## TASK DETAILS
What you return should be the lines from the one with "Natural Appearance: This" through the one with "молочный шоколад (пионы)" in the data below, reproduced exactly with both ends, and no pictures at all.

(INFORMATION SUPPLIED begins)

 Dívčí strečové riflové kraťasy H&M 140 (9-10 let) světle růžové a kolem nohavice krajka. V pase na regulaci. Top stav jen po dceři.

(INFORMATION SUPPLIED ends)
(INFORMATION SUPPLIED begins)

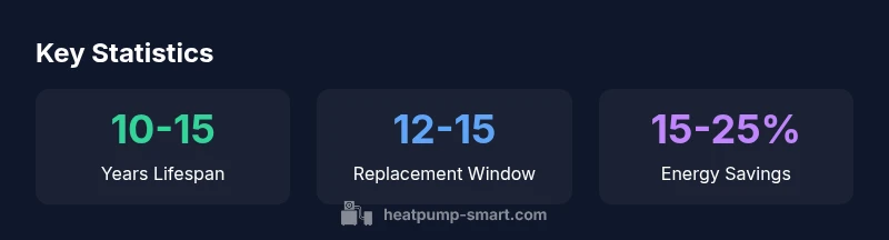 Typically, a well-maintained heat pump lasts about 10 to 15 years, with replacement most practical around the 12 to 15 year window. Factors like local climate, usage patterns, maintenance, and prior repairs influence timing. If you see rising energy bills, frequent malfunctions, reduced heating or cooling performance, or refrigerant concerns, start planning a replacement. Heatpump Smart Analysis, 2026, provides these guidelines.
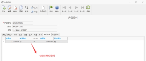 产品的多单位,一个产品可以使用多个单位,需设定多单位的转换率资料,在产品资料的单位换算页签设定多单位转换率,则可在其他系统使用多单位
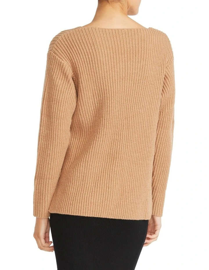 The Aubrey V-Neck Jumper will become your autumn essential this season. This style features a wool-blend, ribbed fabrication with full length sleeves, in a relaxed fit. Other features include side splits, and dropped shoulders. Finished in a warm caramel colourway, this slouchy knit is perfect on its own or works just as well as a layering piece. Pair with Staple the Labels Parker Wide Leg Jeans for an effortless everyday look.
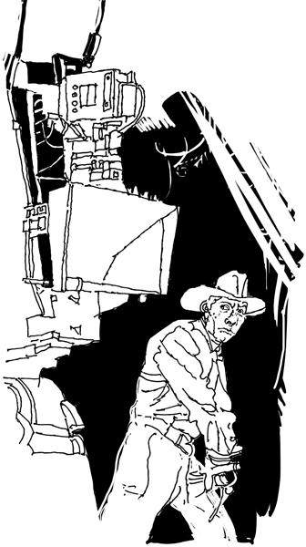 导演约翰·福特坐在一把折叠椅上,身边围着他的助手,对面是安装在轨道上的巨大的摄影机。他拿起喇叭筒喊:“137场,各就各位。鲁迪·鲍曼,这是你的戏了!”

(INFORMATION SUPPLIED ends)
(INFORMATION SUPPLIED begins)

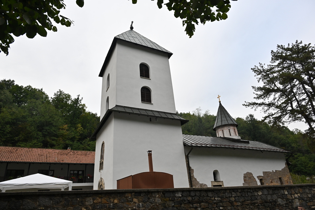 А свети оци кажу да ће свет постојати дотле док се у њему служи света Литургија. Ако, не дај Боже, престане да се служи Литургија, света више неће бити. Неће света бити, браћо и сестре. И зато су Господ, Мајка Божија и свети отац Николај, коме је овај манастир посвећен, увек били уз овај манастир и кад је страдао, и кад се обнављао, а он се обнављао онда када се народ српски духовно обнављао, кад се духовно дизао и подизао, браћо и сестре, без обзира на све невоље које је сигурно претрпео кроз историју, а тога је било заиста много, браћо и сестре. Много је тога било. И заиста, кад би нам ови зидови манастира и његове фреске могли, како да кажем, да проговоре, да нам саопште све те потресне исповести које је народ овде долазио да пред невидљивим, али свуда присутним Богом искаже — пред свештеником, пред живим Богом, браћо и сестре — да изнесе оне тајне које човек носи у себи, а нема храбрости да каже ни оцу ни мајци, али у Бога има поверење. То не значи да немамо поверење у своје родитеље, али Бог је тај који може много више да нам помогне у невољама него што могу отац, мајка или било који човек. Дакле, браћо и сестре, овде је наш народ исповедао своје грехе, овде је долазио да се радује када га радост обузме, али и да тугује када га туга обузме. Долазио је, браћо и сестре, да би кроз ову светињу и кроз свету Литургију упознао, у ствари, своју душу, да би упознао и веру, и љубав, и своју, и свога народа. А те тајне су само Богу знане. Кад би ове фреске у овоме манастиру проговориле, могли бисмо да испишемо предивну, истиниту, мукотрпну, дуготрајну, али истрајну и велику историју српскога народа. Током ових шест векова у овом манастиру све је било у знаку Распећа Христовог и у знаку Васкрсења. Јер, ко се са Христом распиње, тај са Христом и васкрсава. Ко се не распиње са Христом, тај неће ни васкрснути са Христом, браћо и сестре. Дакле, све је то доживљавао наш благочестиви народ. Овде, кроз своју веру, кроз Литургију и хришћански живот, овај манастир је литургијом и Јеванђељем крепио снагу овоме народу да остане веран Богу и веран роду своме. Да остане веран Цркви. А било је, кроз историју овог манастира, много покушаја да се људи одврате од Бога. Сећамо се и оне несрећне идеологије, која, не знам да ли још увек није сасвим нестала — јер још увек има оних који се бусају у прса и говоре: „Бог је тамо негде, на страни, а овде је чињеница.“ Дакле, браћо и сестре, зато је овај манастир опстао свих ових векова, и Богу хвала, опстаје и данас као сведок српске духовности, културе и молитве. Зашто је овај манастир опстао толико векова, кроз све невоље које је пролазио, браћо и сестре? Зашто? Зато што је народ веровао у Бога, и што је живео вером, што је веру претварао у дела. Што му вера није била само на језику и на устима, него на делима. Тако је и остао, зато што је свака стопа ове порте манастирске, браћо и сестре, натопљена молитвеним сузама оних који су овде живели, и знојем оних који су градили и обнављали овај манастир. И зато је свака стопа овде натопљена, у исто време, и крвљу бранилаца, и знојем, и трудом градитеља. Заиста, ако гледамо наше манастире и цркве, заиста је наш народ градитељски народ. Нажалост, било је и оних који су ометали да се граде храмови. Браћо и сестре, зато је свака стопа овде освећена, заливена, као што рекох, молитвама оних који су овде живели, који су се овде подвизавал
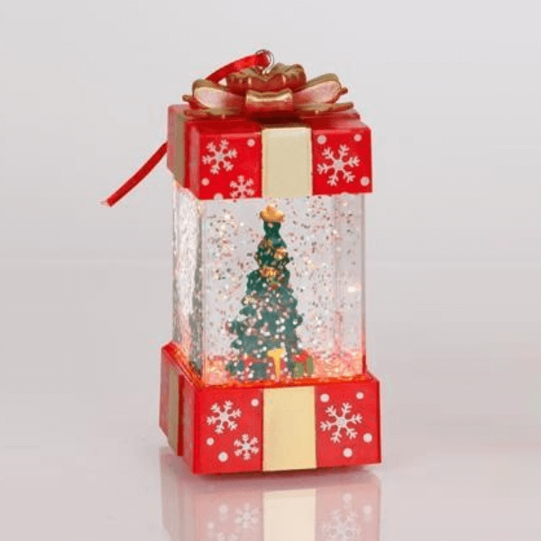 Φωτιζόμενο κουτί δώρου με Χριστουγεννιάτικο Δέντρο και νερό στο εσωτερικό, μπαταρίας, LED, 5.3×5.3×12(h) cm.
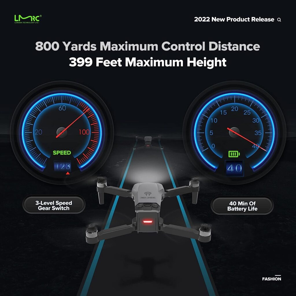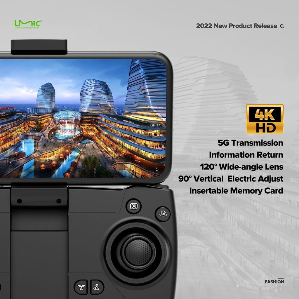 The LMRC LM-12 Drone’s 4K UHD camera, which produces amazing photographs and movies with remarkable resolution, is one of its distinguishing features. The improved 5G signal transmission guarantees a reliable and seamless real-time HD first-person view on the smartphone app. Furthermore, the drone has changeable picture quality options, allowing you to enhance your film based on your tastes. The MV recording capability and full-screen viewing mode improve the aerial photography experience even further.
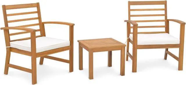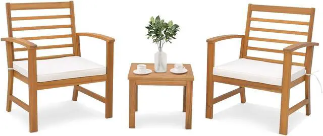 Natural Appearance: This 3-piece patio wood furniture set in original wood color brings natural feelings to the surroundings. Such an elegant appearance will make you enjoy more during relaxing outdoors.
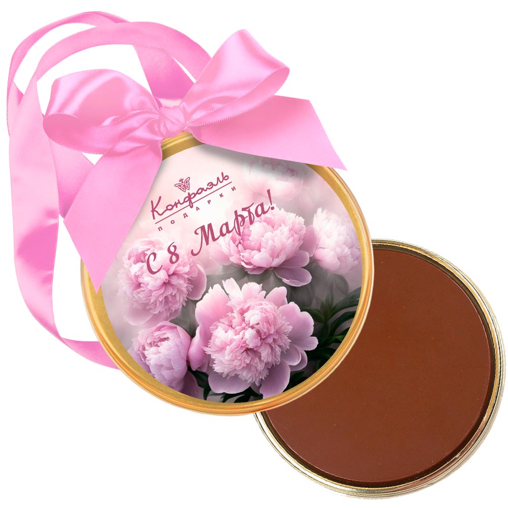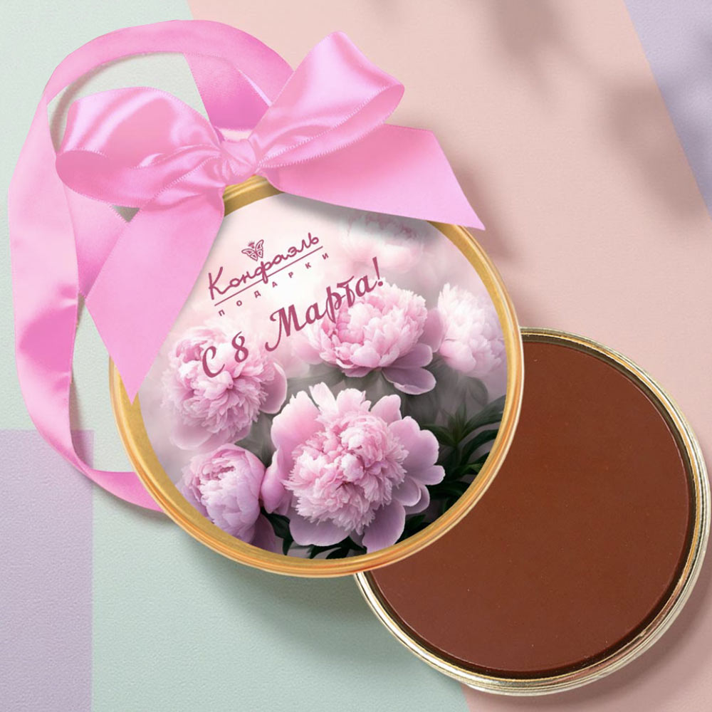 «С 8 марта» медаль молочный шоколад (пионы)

(INFORMATION SUPPLIED ends)

## WRITTEN RESPONSE
 Natural Appearance: This 3-piece patio wood furniture set in original wood color brings natural feelings to the surroundings. Such an elegant appearance will make you enjoy more during relaxing outdoors.
 «С 8 марта» медаль молочный шоколад (пионы)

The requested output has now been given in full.